Task to complete>
Images are not wanted; transcribe the rest of the listing exactly.

Data provided>
**********
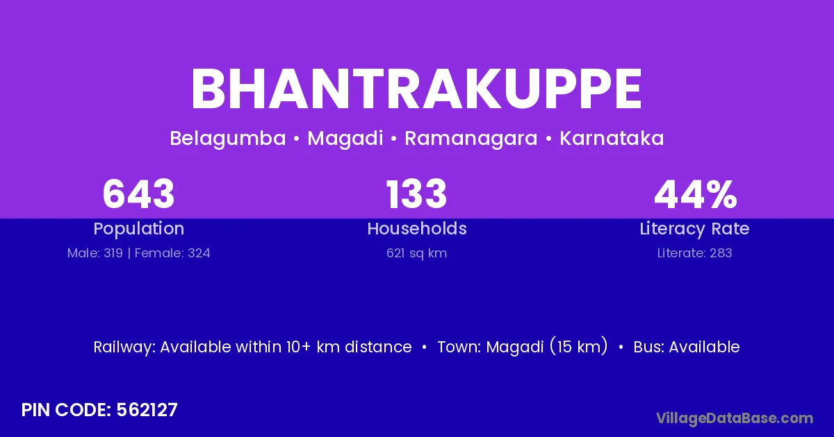 Magadi (15 km) is the nearest town to Bhantrakuppe village for major economic activities and is located approximately 15 km away.
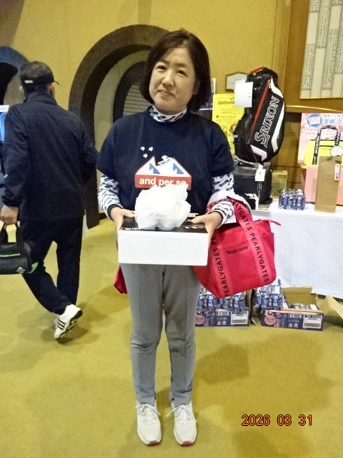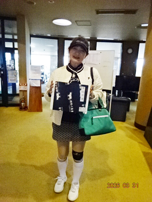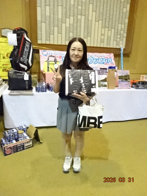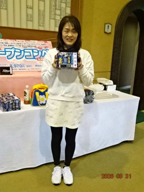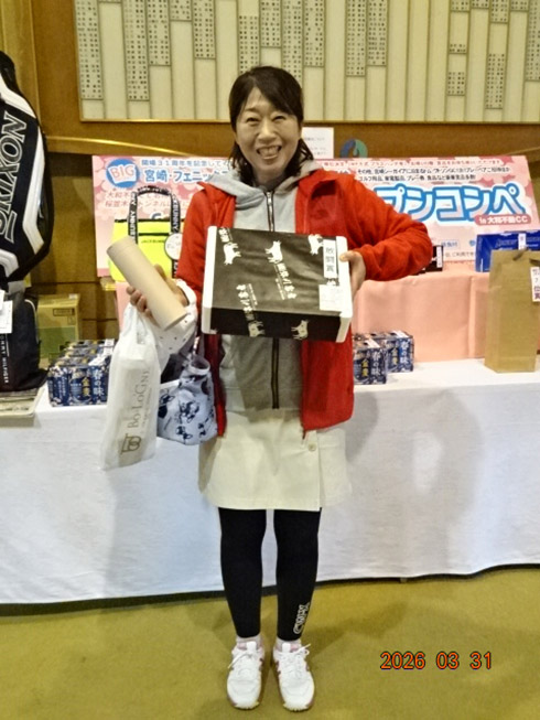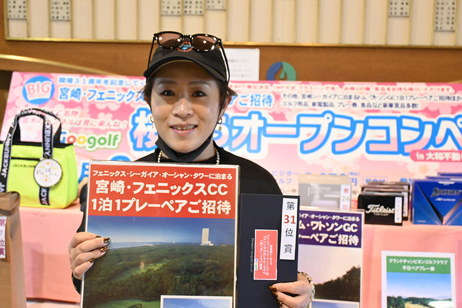 同ゴルフ場開場31周年記念賞の「宮崎・フェニックスカントリークラブ1泊1プレーペアご招待」を受賞したのは、福岡市から2組で参加した杉原杏奈さん(45)。ゴルフ歴は12年だがオフィシャルハンデが9.2という強者。グーゴルフコンペの参加は2回目という杉原さん「フェニックスCCは、行ったことがありません。今日は誰か宮崎が当たるといいねと参加しました。宮崎ゴルフ旅行、めちゃ楽しみです。今日の仲間と行って来ます」とニッコリ。
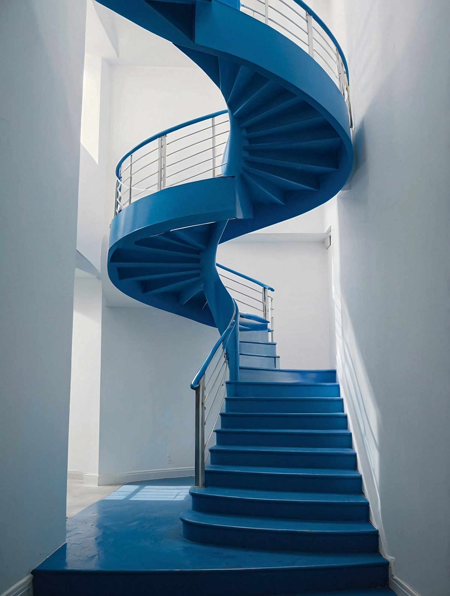 Bright blue spiral staircase with sleek metal railings in a minimalist white interior, illuminated by natural light.
**********
Written answer>
 Magadi (15 km) is the nearest town to Bhantrakuppe village for major economic activities and is located approximately 15 km away.
 同ゴルフ場開場31周年記念賞の「宮崎・フェニックスカントリークラブ1泊1プレーペアご招待」を受賞したのは、福岡市から2組で参加した杉原杏奈さん(45)。ゴルフ歴は12年だがオフィシャルハンデが9.2という強者。グーゴルフコンペの参加は2回目という杉原さん「フェニックスCCは、行ったことがありません。今日は誰か宮崎が当たるといいねと参加しました。宮崎ゴルフ旅行、めちゃ楽しみです。今日の仲間と行って来ます」とニッコリ。
 Bright blue spiral staircase with sleek metal railings in a minimalist white interior, illuminated by natural light.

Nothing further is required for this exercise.